-- DATASET EXCERPTS follows --

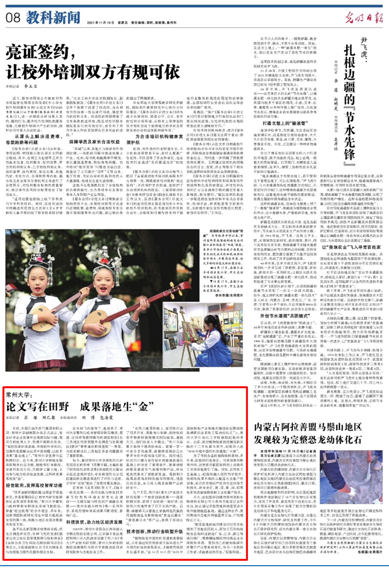 11月19日,光明日报以“论文写在田野 成果落地生‘金’”为题,从“经世致用,发挥高校智库功能”“科技扶贫,助力地区经济发展”“技术创新,推动行业转型升级”等方面报道我校积极发挥高校服务社会功能,鼓励和引导教授、学者行走在乡间,用脚步丈量土地,主动参与地方经济社会发展,让科研成果落地生“金”。中共江苏省委组织部官网、交汇点同步报道。
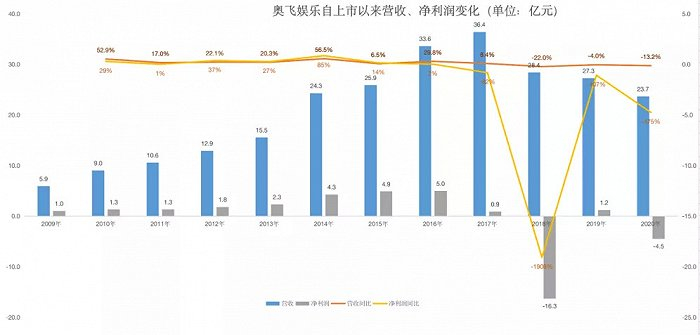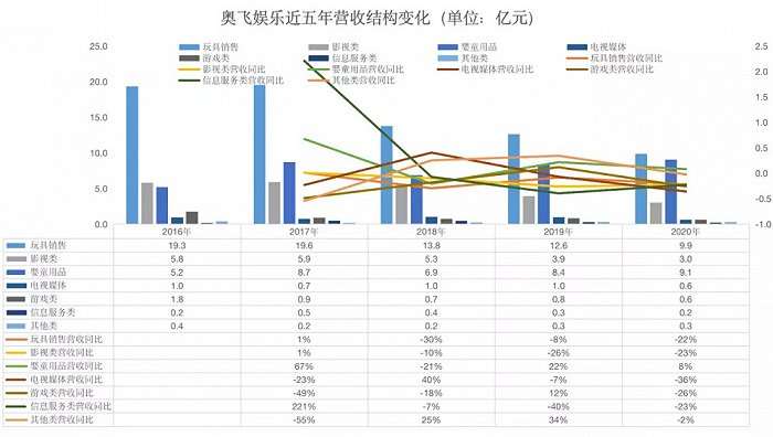 2017年,奥飞娱乐的净利润出现上市以来首次下跌,同比下滑82%。2018年,奥飞娱乐营收也出现上市以来的首次下滑,较2017年同比下滑22%。2019年和2020年,奥飞娱乐的营收仍然呈现不断下滑的态势,分别同比下滑4%、13%。
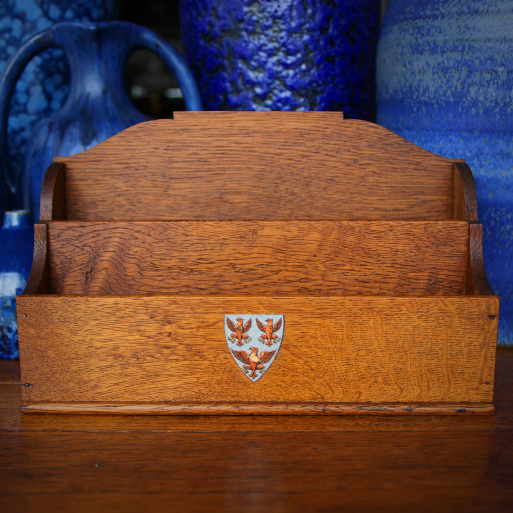 Can one have too much organization on one's desk? This English early Twentieth Century oak stationary stand bears the crest of Queen's College, Oxford. Store stationery supplies: envelopes, paper, business cards. Perhaps a stash of commonly used forms or cards. Or keep your to-do cards and paperwork close-at-hand. And the handsome, wooden construction adds a small touch of architectural interest to your office, den, kitchen or entryway.
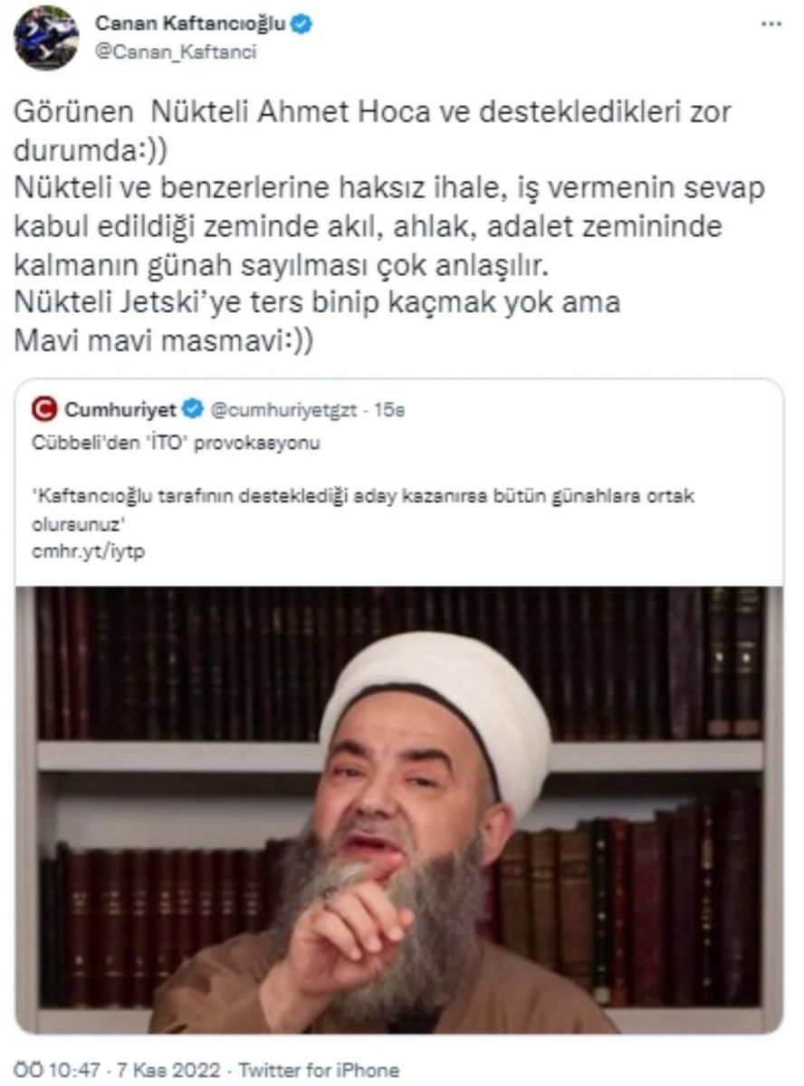 Ünlü için ‘Nükteli Ahmet Hoca’ diyen Kaftancıoğlu, “Nükteli ve benzerlerine haksız ihale, iş vermenin sevap kabul edildiği zeminde akıl, ahlak, adalet zemininde kalmanın günah sayılması çok anlaşılır” ifadeleri kullandı.
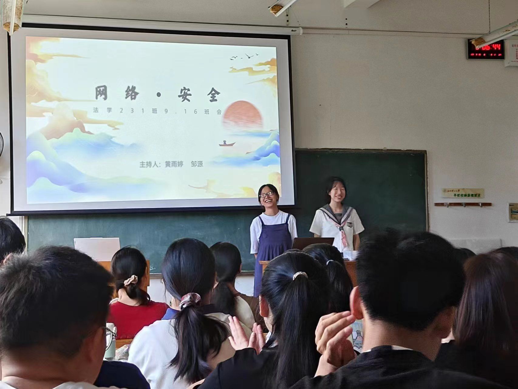 金陵秋风起,又是开学时。风华正茂,梦从今天扬帆起航;意气风发,志在这里华美绽放。为增强同学们的网络安全意识,进一步构建和谐平安校园,9月16日,借“赣州网络安全宣传周”之契机,yL23411永利官网登录新生法学231班精心组织策划并开展了“强化学生安全教育,筑牢网络安全防线”的主题团日活动,号召全班同学共同学习网络安全知识,增强网络安全意识。
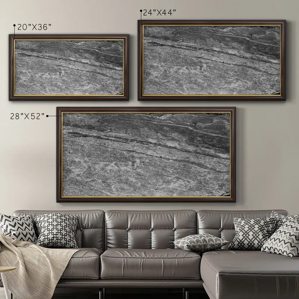 Found Textures VIII Premium Framed Canvas- Ready to Hang A Premium Framed Canvas created to last. Framed in distressed wood and available in an array of sizes and colors Featuring a beveled a solid wood stretcher bar, each piece comes ready to hand 3 SIZES AVAILABLE 21''X37'' - Overall Size 25''X45'' - Overall Size 29''x53'' - Overall Size Each piece is made to order. Each piece comes with hanging hardware. Made in the USA Ready to Hang Giclee Paper Print Acrylic Glass Beveled Matt Board
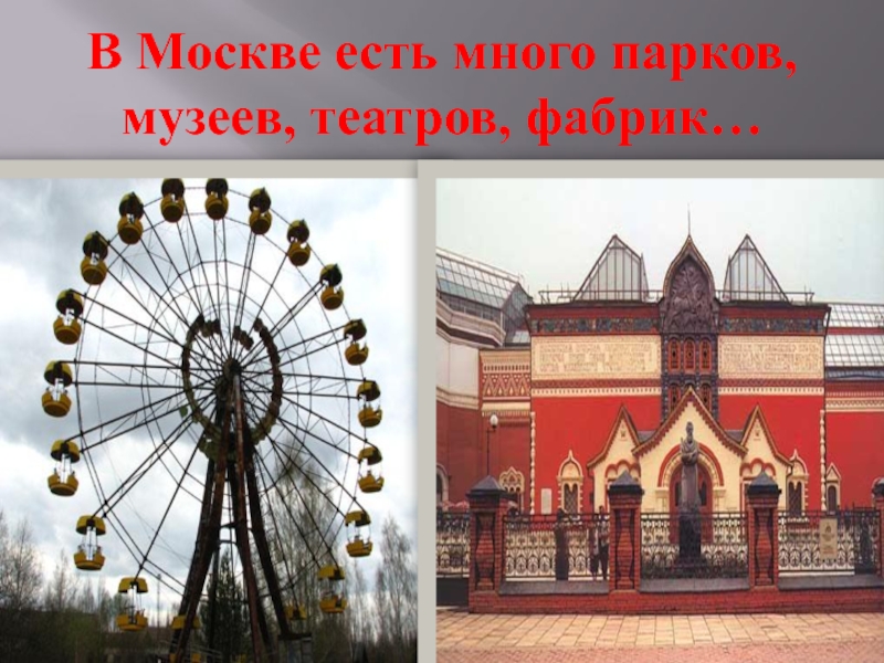 Слайд 18В Москве есть много парков, музеев, театров, фабрик…
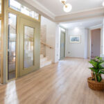 אזור מגורים מרווח בחלל פתוח מלא באור טבעי המוביל לגינה הגדולה ולבריכת השחייה.
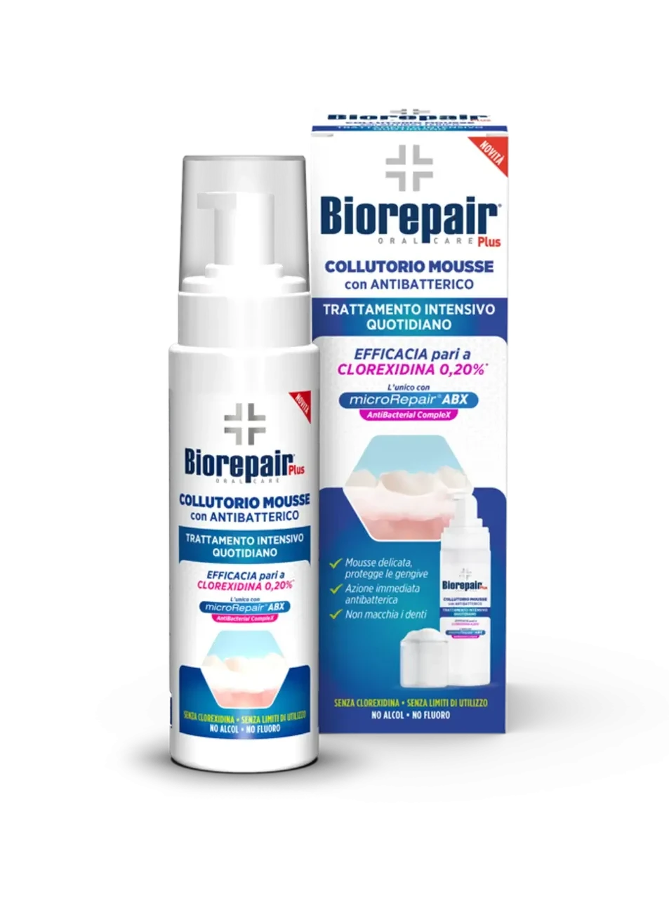 Інноваційний зубний мус Biorepair Antibatterico Intensivo з м'якою і пухнастою консистенцією делікатно обволікає ясна і допомагає протидіяти утворенню бактеріального нальоту і захищає слизову оболонку порожнини рота від запалення. Формула заснована на microrepair ABX, мікрокристалах для відновлення лаку для нігтів, збагачених спеціальним антибактеріальним комплексом, який допомагає забезпечити ефективну та негайну профілактичну та дезінтегруючу дію на бактеріальний наліт.
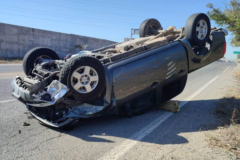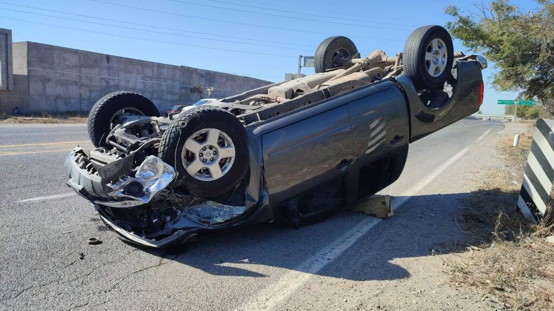 MAZATLÁN._ Una camioneta terminó volcada tras ser impactada por un automóvil que intentó una vuelta en “U” en el acceso a la autopista Mazatlán-Culiacán.

-- DATASET EXCERPTS concluded --

| TASK GOAL |
From the first line of the records down through the line containing "金陵秋风起,又是开学时。风华", transcribe exactly those lines and no others, both ends kept, pictures dropped.

| RESPONSE TO THE TASK |
 11月19日,光明日报以“论文写在田野 成果落地生‘金’”为题,从“经世致用,发挥高校智库功能”“科技扶贫,助力地区经济发展”“技术创新,推动行业转型升级”等方面报道我校积极发挥高校服务社会功能,鼓励和引导教授、学者行走在乡间,用脚步丈量土地,主动参与地方经济社会发展,让科研成果落地生“金”。中共江苏省委组织部官网、交汇点同步报道。
 2017年,奥飞娱乐的净利润出现上市以来首次下跌,同比下滑82%。2018年,奥飞娱乐营收也出现上市以来的首次下滑,较2017年同比下滑22%。2019年和2020年,奥飞娱乐的营收仍然呈现不断下滑的态势,分别同比下滑4%、13%。
 Can one have too much organization on one's desk? This English early Twentieth Century oak stationary stand bears the crest of Queen's College, Oxford. Store stationery supplies: envelopes, paper, business cards. Perhaps a stash of commonly used forms or cards. Or keep your to-do cards and paperwork close-at-hand. And the handsome, wooden construction adds a small touch of architectural interest to your office, den, kitchen or entryway.
 Ünlü için ‘Nükteli Ahmet Hoca’ diyen Kaftancıoğlu, “Nükteli ve benzerlerine haksız ihale, iş vermenin sevap kabul edildiği zeminde akıl, ahlak, adalet zemininde kalmanın günah sayılması çok anlaşılır” ifadeleri kullandı.
 金陵秋风起,又是开学时。风华正茂,梦从今天扬帆起航;意气风发,志在这里华美绽放。为增强同学们的网络安全意识,进一步构建和谐平安校园,9月16日,借“赣州网络安全宣传周”之契机,yL23411永利官网登录新生法学231班精心组织策划并开展了“强化学生安全教育,筑牢网络安全防线”的主题团日活动,号召全班同学共同学习网络安全知识,增强网络安全意识。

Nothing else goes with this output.